We drilled and completed 15 gross (6.8 net) operated horizontal Haynesville/Bossier wells and participated in 5 gross (0.2 net) OBO Haynesville/Bossier horizontal wells during the second quarter of 2012. We utilized an average of seven operated rigs and spud 15 operated horizontal wells during the quarter. We averaged one OBO rig drilling in the play and spud one OBO well during the quarter. We currently have one OBO rig drilling. In total, we have 346 operated horizontal wells and 181 OBO horizontal wells flowing to sales.
 
The average initial production rate from our operated Haynesville horizontal wells completed in the second quarter 2012 in DeSoto Parish was 12.1 Mmcf per day with an average 7,500 psi flowing casing pressure on an average 18/64ths choke.
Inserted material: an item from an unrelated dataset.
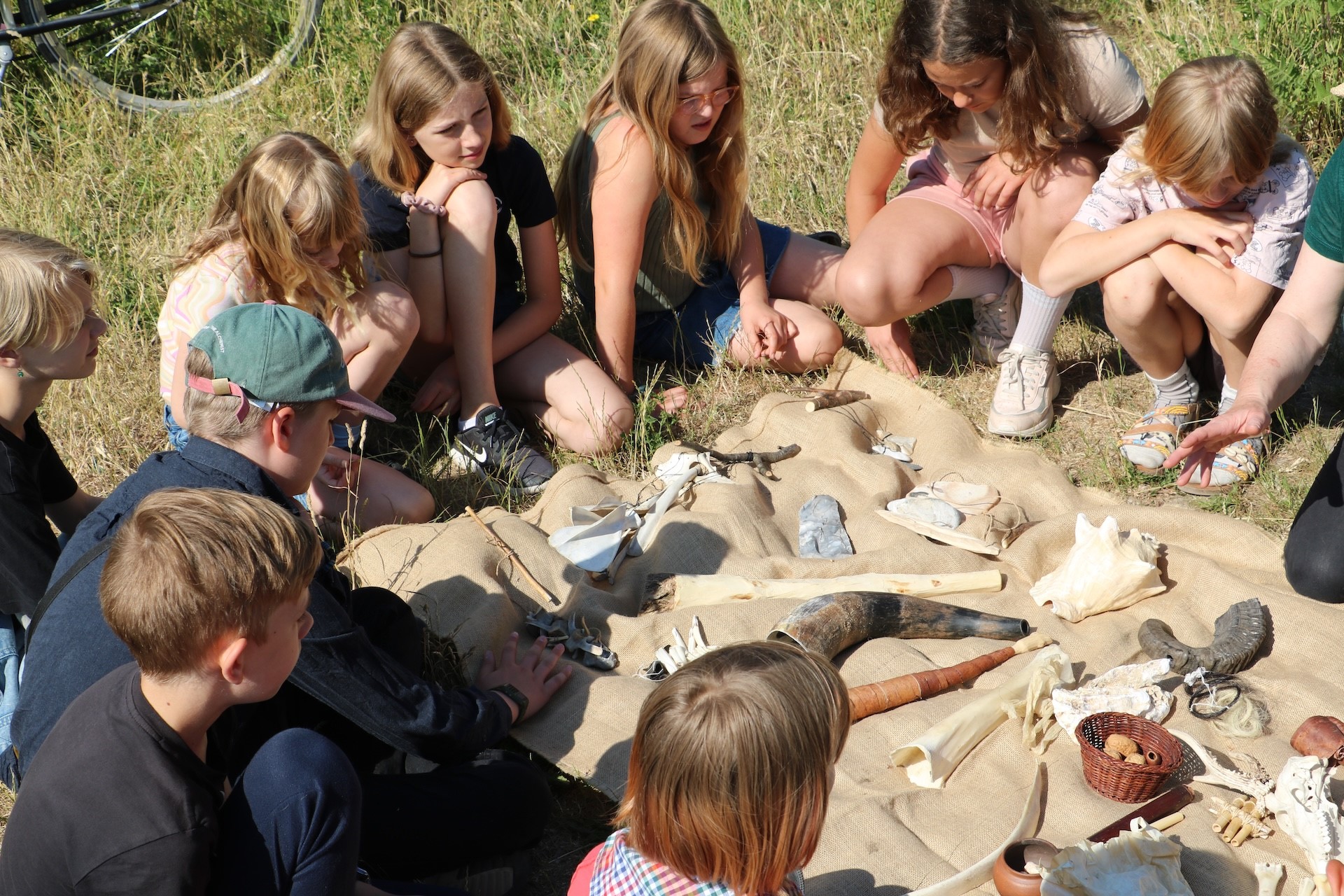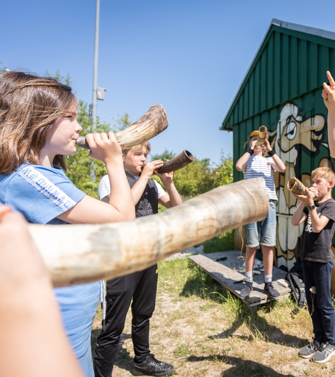 Jeg medbringer materialer og eksempler som eleverne kan prøve. Inspireret af fund fra oldtiden laver vi egne instrumenter, vi taler om materialerne og om hvad vi måske brugte musik til dengang. Vi prøver at imitere naturens lyde, opfinder signaler, forestiller os lyden af et ritual og får jorden til at ryste, når vi alle blæser i dyrehorn.

This 18/64ths choke size is indicative of our new restricted choke management program we have implemented in DeSoto Parish, based on the strong results we realized in our East Texas area. Two wells were completed in the second quarter 2012 in San Augustine County, Texas. The average IP was 13.4 Mmcf per day with an average 8,925 psi flowing casing pressure on an average 18/64ths choke.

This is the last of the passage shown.